Another threat to Montana’s medical marijuana law comes from Senate Bill 154, which will be heard in committee Feb. 11. SB-154 would assign the Department of Revenue to oversee the use of medical marijuana. It would require growers of medical Cannabis to have a specific license, pay a 10 percent tax on their sales, and submit quarterly reports.
It would also change how patients become eligible for medical marijuana and would require a person with severe chronic pain to have recommendations from two separate doctors before they were eligible legally able to use Cannabis medicinally.
These proposed regulations would interfere in the doctor-patient relationship and make the patients’ task of obtaining medicine more difficult. SB-154 would also shrink the list of conditions that qualify medical Cannabis patients for the program. Conditions that would qualify under SB-154 would be as follows:
(1) “Debilitating medical condition” means:
(a) cancer, glaucoma, or positive status for human immunodeficiency virus, acquired immune deficiency syndrome, or the treatment of these conditions;
(b) a chronic or debilitating disease or medical condition or its treatment that produces one or more of the following:
(i) cachexia or wasting syndrome;
(ii) severe or chronic pain;
(iii) severe nausea;
(iv) seizures, including but not limited to seizures caused by epilepsy; or
(v) severe or persistent muscle spasms, including but not limited to spasms caused by multiple sclerosis or Crohn’s disease; or
(c) any other medical condition or treatment for a medical condition adopted by the department by rule.

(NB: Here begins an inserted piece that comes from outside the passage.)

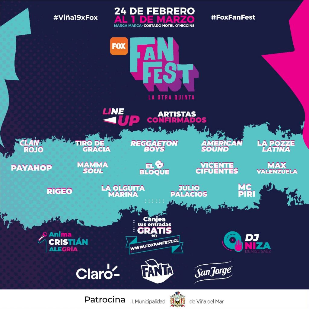 De acuerdo a lo explicado en el lanzamiento, el FOX Fan Fest se suma como un nuevo hito a los panoramas de ciudad de este verano, a través de seis jornadas paralelas al certamen con una excelente parrilla de bandas nacionales y humoristas, entre el 24 de febrero y el 1 de marzo, de 18:30 a 01:00 horas, a un costado del Hotel O’Higgins, en el estero Marga Marga.

Blatant disparities would result. A medical patient from California could legally use Cannabis for anxiety in Montana, but a Montana resident could not. The original medical law allowed for “a chronic or debilitating disease or medical condition or its treatment that produces one or more of the following [above listed conditions]”.
While many medical Cannabis advocates in the state believe that regulations need to be incorporated into the existing law, HB 161 and SB 154 would steal the voice of the populace.
A few decision makers would take away the right of over 28,000 registered patients to use the medicine of their choice. Montanans would have to wait two years until they could try and get another medical Cannabis initiative on the books.